Working data –
_ _ _ _ _ _ _

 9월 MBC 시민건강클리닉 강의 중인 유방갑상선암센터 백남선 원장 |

_ _ _ _ _ _ _

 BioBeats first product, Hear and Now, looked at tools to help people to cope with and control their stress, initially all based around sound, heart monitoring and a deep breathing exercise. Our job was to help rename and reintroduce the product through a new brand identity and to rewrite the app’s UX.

_ _ _ _ _ _ _

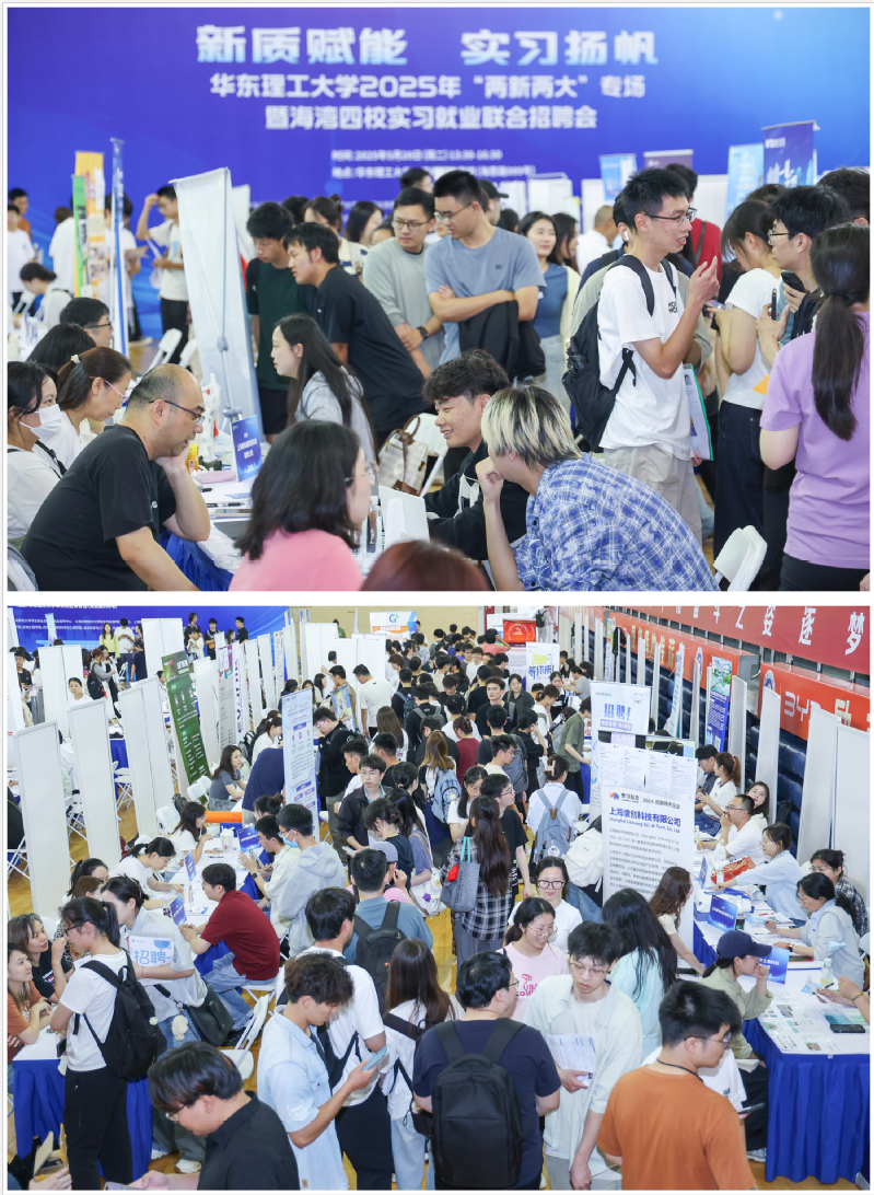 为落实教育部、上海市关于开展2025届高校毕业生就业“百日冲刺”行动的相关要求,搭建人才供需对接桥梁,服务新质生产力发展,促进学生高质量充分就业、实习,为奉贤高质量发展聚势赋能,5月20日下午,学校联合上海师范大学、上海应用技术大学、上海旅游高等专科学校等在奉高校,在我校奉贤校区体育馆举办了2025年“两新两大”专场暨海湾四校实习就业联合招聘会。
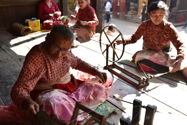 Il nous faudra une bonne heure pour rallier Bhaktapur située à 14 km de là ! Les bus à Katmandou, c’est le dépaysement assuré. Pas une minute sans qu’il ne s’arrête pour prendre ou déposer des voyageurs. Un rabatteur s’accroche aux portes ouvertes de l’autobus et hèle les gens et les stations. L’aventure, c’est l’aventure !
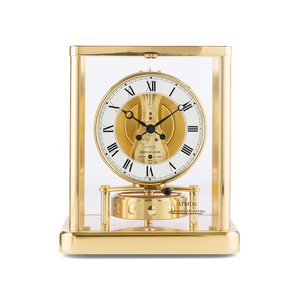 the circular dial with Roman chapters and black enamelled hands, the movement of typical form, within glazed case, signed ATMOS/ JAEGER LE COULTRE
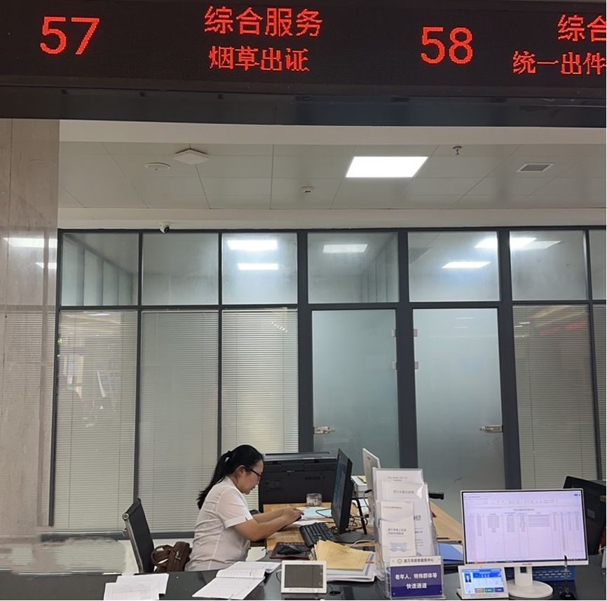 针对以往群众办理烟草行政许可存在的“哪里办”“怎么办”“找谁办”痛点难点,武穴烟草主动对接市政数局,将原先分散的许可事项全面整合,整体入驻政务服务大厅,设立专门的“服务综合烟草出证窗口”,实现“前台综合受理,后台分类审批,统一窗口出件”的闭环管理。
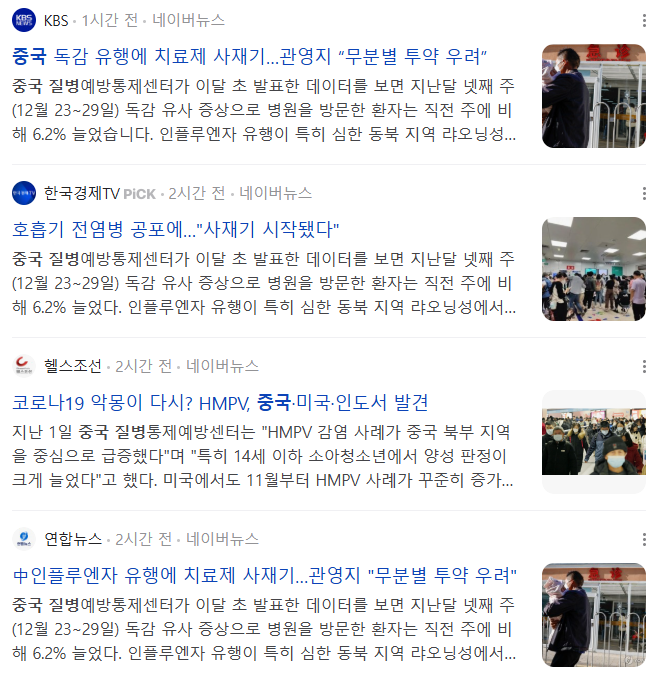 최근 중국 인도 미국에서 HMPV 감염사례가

_ _ _ _ _ _ _

In the records above, find the line with "Il nous faudra" and the line with "the circular dial"; please transcribe exactly those two lines and all lines between them, omitting any picture.

 Il nous faudra une bonne heure pour rallier Bhaktapur située à 14 km de là ! Les bus à Katmandou, c’est le dépaysement assuré. Pas une minute sans qu’il ne s’arrête pour prendre ou déposer des voyageurs. Un rabatteur s’accroche aux portes ouvertes de l’autobus et hèle les gens et les stations. L’aventure, c’est l’aventure !
 the circular dial with Roman chapters and black enamelled hands, the movement of typical form, within glazed case, signed ATMOS/ JAEGER LE COULTRE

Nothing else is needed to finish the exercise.